Meanwhile, fig. 12A is a diagram explaining an exemplary data structure of the DPU320 shown in fig. 3, according to an embodiment of the present invention.

Referring to fig. 12A and 3, the DPU320 includes: time information 1210 indicating a time of a dialog to be output on a screen; a palette set 1220 for defining a palette set; and dialog region information 1230 for a dialog to be output on the screen. In this case, the palette set 1220 is not defined in the DSU as shown, but is directly defined in the DPU 320.

Meanwhile, fig. 12B is a diagram explaining an exemplary data structure of the DPU320 shown in fig. 3, according to an embodiment of the present invention.
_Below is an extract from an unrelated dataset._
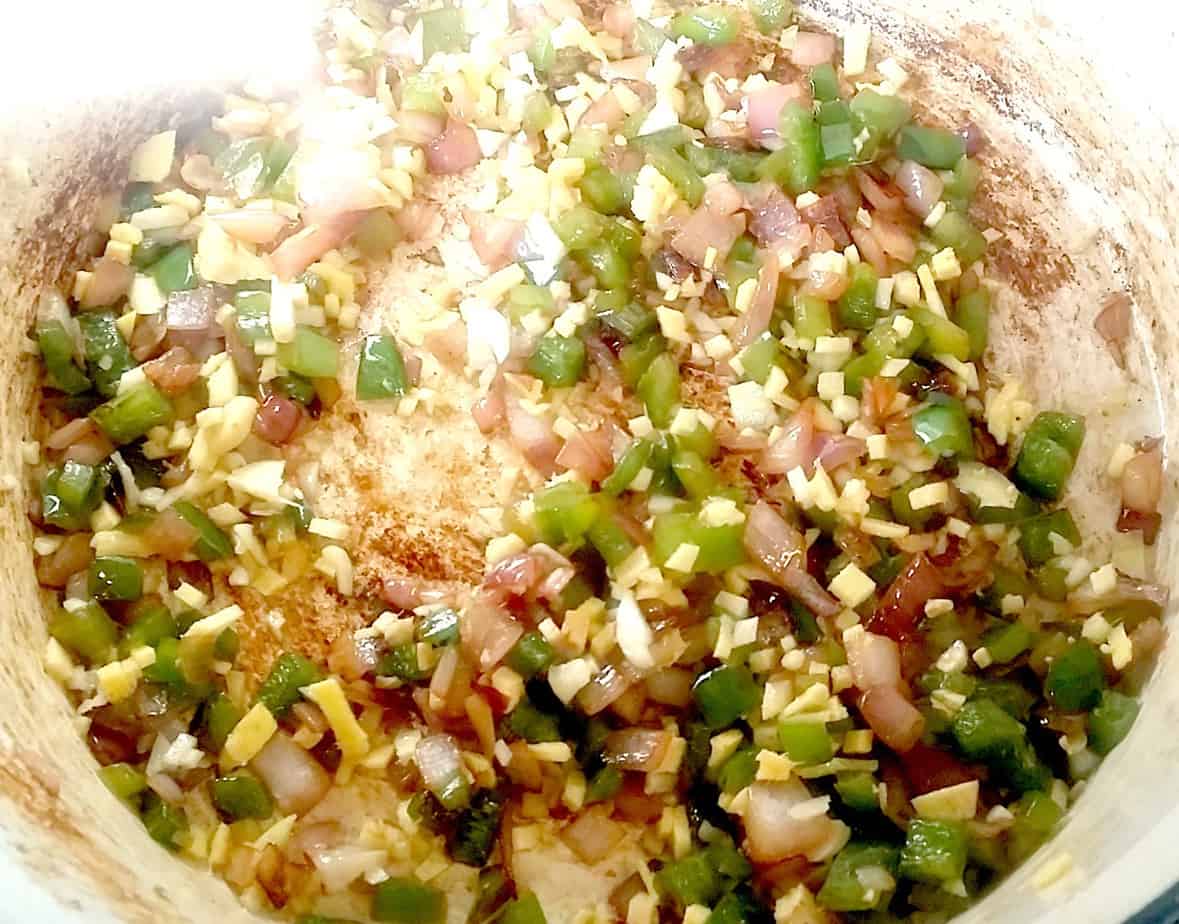 Let me tell you, the smell of all of these aromatics sauteing was divine! Ginger paired with onion, green pepper and garlic is just amazing. From this point on, I knew that we were going to have a great lunch. I was going to make this for dinner, but I started cooking at nine in the morning, and well, yeah, lunch.

Referring to fig. 12B, the DPU320 includes: time information 1250 for indicating the time of a dialog to be output on the screen; a color update flag 1260; a palette set 1270 used when the color update flag is set to 1; and dialog region information 1280 for a dialog to be output on the screen. In this case, the palette set 1270 is also defined in the DSU shown in fig. 11, and is also stored in the DPU 320. Specifically, to express fade-in/fade-out using continuous reproduction, a palette set 1270 to be used for expressing fade-in/fade-out is defined in the DPU320 in addition to a basic palette set defined in the DSU, and a color update flag 1260 may be set to 1. This will be explained in more detail with reference to fig. 19.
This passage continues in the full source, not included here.